Question

Comparing Multiple-Sequence Alignment Pipelines

2

Entering edit mode

12.7 years ago

Nathan Harmston ★ 1.1k

Hi,

So I'm trying to generate a multiple sequence alignment from a number of species (a task, which I've never attempted before). However there are several ways to do this. Currently I'm running a blastz and multiz pipeline and I am planning on trying out other aligners such as TBA and PECAN.

My question is why should I prefer an alignment generated by pipeline A over an alignment generated by pipeline B (apart from my results look prettier)? Is it possible to do this quantitatively? Or at least in such a way that I can justify my choice of pipeline. What pipeline do you use for MSA and why do you think its better than a different one?

Hope this makes sense, many thanks in advance.

EDIT: I'll provide some more information - I'm trying to look for highly conserved elements between human, mouse, tetraodon and cow aswell looking for large areas of conserved synteny between the species.

alignment comparative • 6.0k views

ADD COMMENT • link updated 12.7 years ago by Javier Herrero ▴ 300 • written 12.7 years ago by Nathan Harmston ★ 1.1k

score 8 · Answer 1 · 2012-04-28

Hi Nathan

It is a very good question and people have discussed and will continue to discuss this for a long time. As a general rule, there is no perfect aligner and you should aim at an alignment that that is good enough for what you want to achieve.

If you want to know more on how MultiZ, TBA and PECAN compare, here are a few comments I hope you'll find them useful. First, MultiZ is not considered a multiple alignment really as it works by simply stacking or projecting pairwise alignments to a reference species. TBA will get all the possible all-vs-all pairwise alignments and combine them into a single multiple alignment that is (I believe) refined a posteriori. I would strongly suggest you use TBA instead of MultiZ if at all possible. Pecan works similarly except that it is a global aligner and it uses the concept of consistency (tries to make the alignment between sequences A and C consistent with the alignments between A and B, and B and C) to combine all pairwise alignments into the final multiple one.

A global aligner is an aligner that will align the sequences from start to end, assuming there are no rearrangements in the sequence.
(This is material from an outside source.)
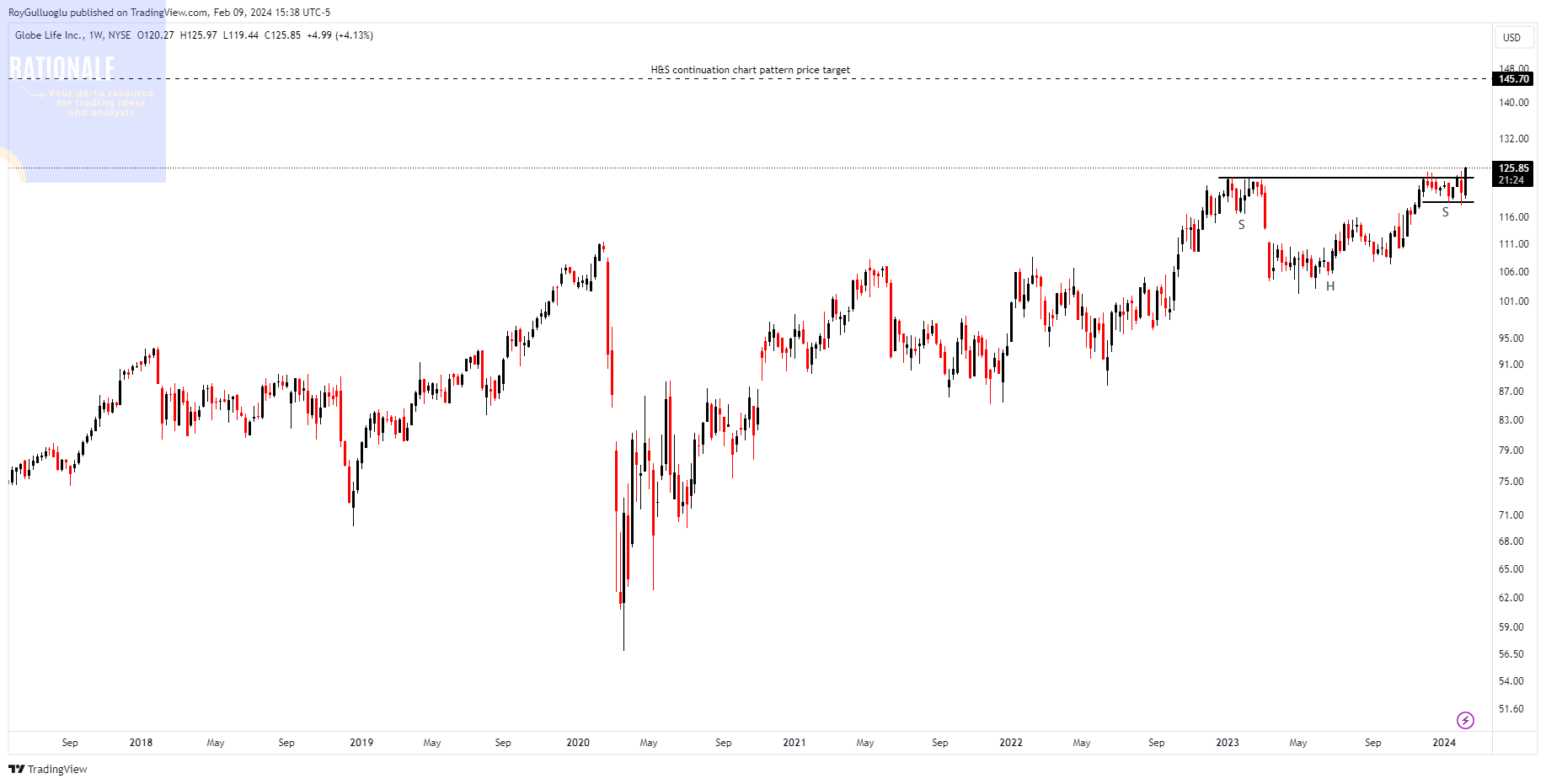 The above weekly chart formed an approximately 14-month-long H&S continuation chart pattern as a bullish continuation after an uptrend.

When applied to whole genome sequences, it requires you to define the blocks of collinear sequences you want to align. You can use software like Enredo or Mercator for this. TBA is a local aligner and won't require this additional step.

Coming back to which software produces the best alignments, Kim and Sinha ( http://www.biomedcentral.com/1471-2105/11/54 ) showed in 2010 that PECAN outperformed other aligners (ClustalW, DIALIGN-TX, MAFFT, MAVID, MLAGAN). The same year, Chen and Tompa ( http://www.nature.com/nbt/journal/v28/n6/abs/nbt.1637.html ) used a different method to compare aligners. Again, PECAN seemed to outperform other aligners, namely MLAGAN, MAVID and TBA, especially at longer evolutionary distances (human to a non-placental mammalian species).

In short, my recommendation would be to use PECAN, but I am certainly biased (it is the aligner we use in Ensembl and I work in Ensembl). You also want to consider whether you prefer to use a local aligner like TBA that doesn't require you to pre-define the collinear blocks to be aligned or you are happy to work on getting a good homology map first. This is perfectly doable, but will require extra work.

score 1 · Answer 2 · 2012-04-20

It's difficult to advice why you should prefer one aligner over the other because you don't give a lot of information. Judging from your use of blastz you are aligning whole genomes of human and mouse? The 'best' aligner depends on how closely related your sequences are, the size of them, but also what you rather want: very few mistakes, but when there is a mistake it is very big or a bit more mistakes, but the mistakes it makes aren't so big.

I myself tend to use ClustalX (or ClustalW) which does quite well on easy-to-align sequences. For sequences that are more difficult to align I go for Praline. However, I never used this for whole genome alignment, but I don't know what you are planning to use if for.